• What you have to do
Please return the records below exactly as they stand, with the pictures removed.
────────
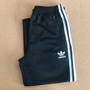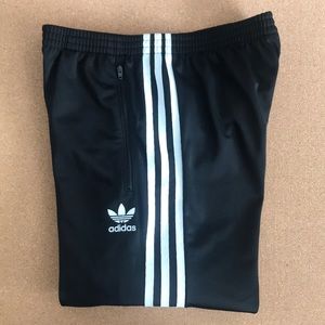 Adidas track pants. Black with the traditional 3 stripes down the side of the pant legs. Straight leg. Front zippered pockets. NWT, never worn!
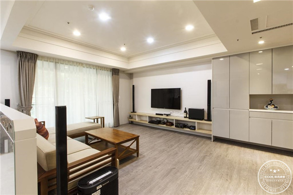電視柜與裝飾收納柜、書柜合體,滿足多種收納需求,也讓空蕩的墻面看起來更加雅致,電視組合柜設計可以讓房間看起來更加整齊,同時也可以騰出了更多的活動空間。貼墻懸掛的電視調節(jié)好正確的視覺高度,讓觀看更舒適。有設計感的吊柜增加客廳的時尚感,也更加有效利用空間,空出地面空間。
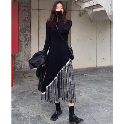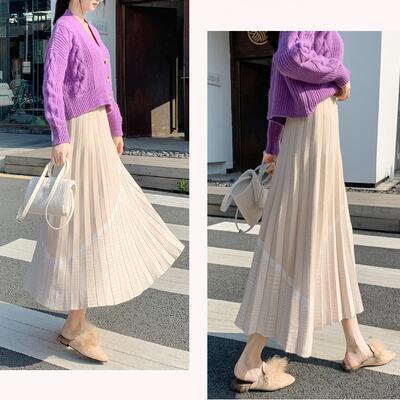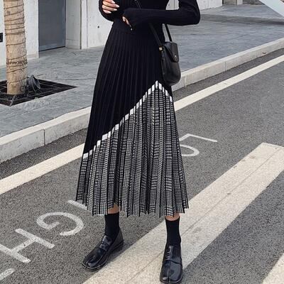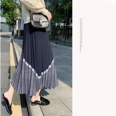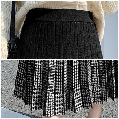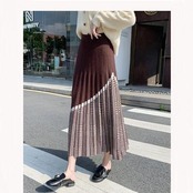 全4色 大きいサイズスカート レディース ニット きれいめ おしゃれ 可愛い ミモレ丈 千鳥格子 プリーツスカート カジュアル 切り替え ナチュラル エレガント フレア フェミニン ウエストゴム グレー ブラック 黒 ベージュ ブラウン 春 秋 冬 20代 30代 40代 50代
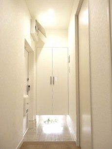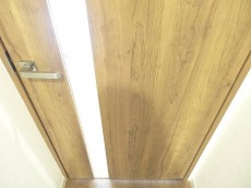 玄関を入ると左側にシューズBOXがつくられています。下からのライトで玄関がパッ
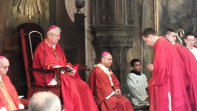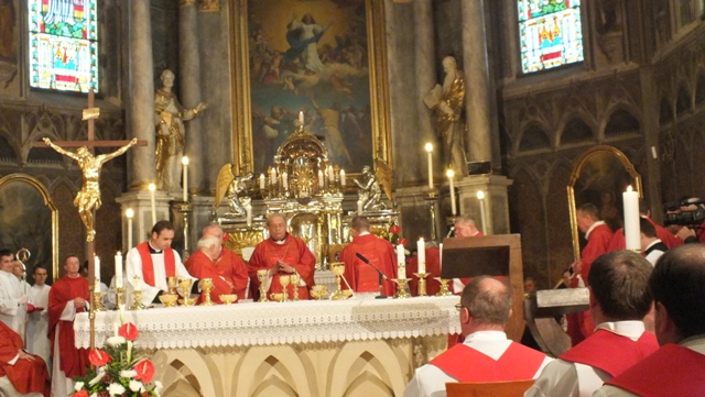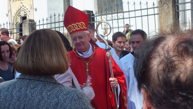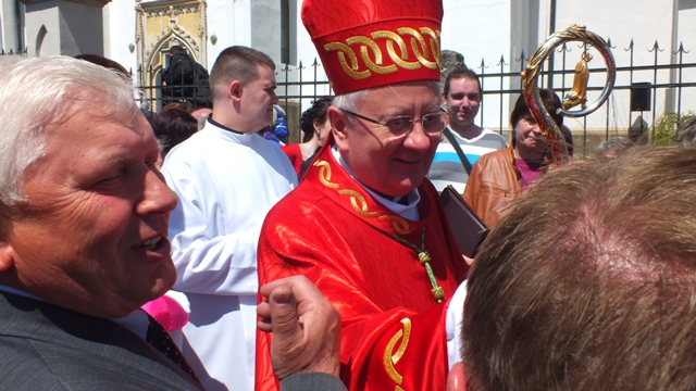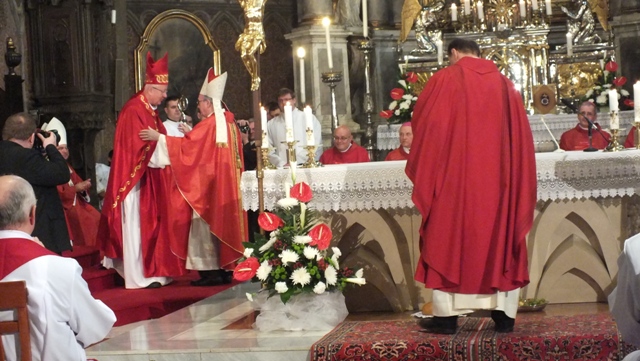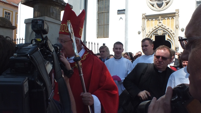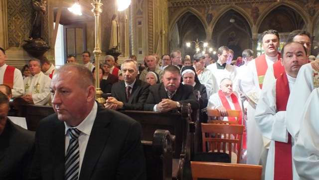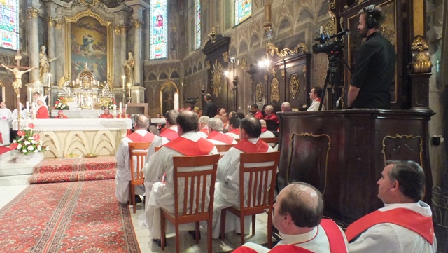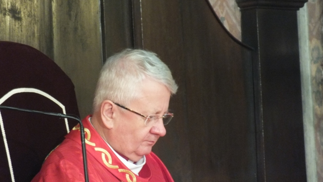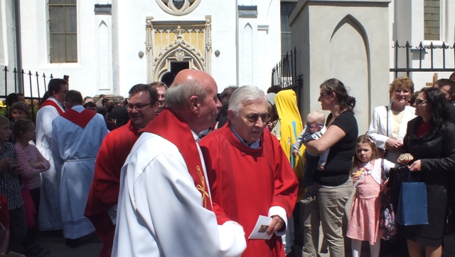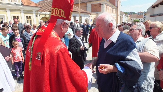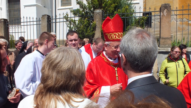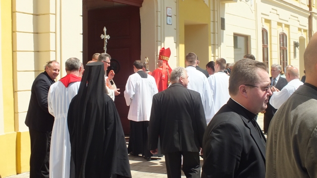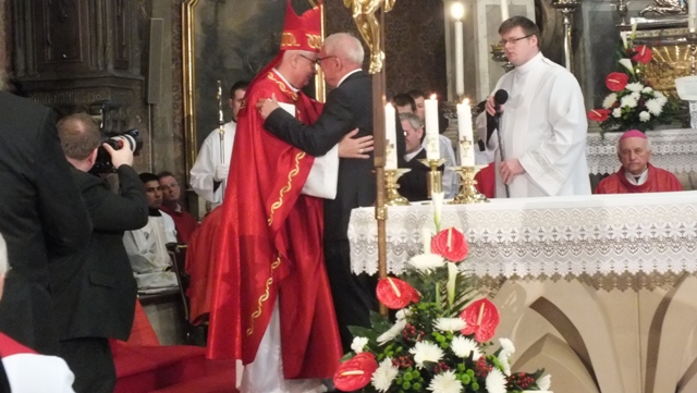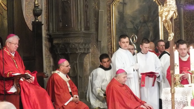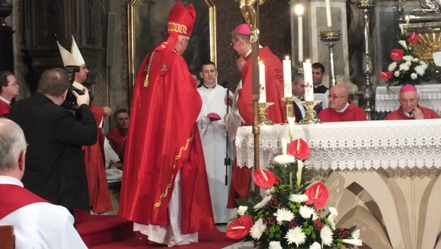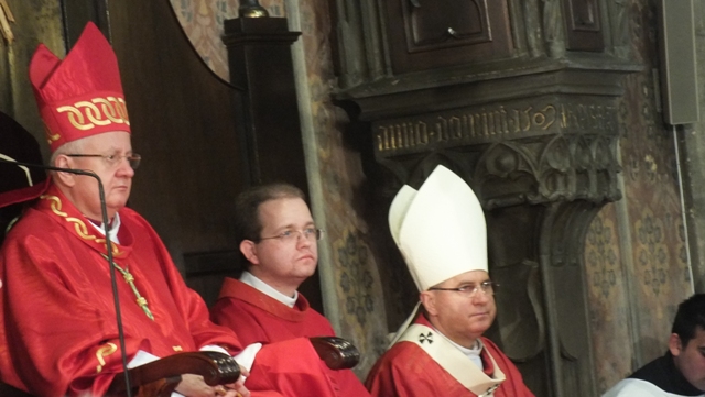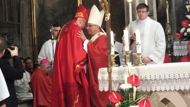 Mons. Stanislav Stolárik, rodák z Rožňavy, kde sa narodil a bol pokrstený, prebral úrad diecézneho rožňavského biskupa po Mons. Vladimírovi Filovi, ktorý počas dnešnej slávnosti v katedrále sedel v jeho blízkosti.
────────
• Reply
 Adidas track pants. Black with the traditional 3 stripes down the side of the pant legs. Straight leg. Front zippered pockets. NWT, never worn!
電視柜與裝飾收納柜、書柜合體,滿足多種收納需求,也讓空蕩的墻面看起來更加雅致,電視組合柜設計可以讓房間看起來更加整齊,同時也可以騰出了更多的活動空間。貼墻懸掛的電視調節(jié)好正確的視覺高度,讓觀看更舒適。有設計感的吊柜增加客廳的時尚感,也更加有效利用空間,空出地面空間。
 全4色 大きいサイズスカート レディース ニット きれいめ おしゃれ 可愛い ミモレ丈 千鳥格子 プリーツスカート カジュアル 切り替え ナチュラル エレガント フレア フェミニン ウエストゴム グレー ブラック 黒 ベージュ ブラウン 春 秋 冬 20代 30代 40代 50代
 玄関を入ると左側にシューズBOXがつくられています。下からのライトで玄関がパッ
 Mons. Stanislav Stolárik, rodák z Rožňavy, kde sa narodil a bol pokrstený, prebral úrad diecézneho rožňavského biskupa po Mons. Vladimírovi Filovi, ktorý počas dnešnej slávnosti v katedrále sedel v jeho blízkosti.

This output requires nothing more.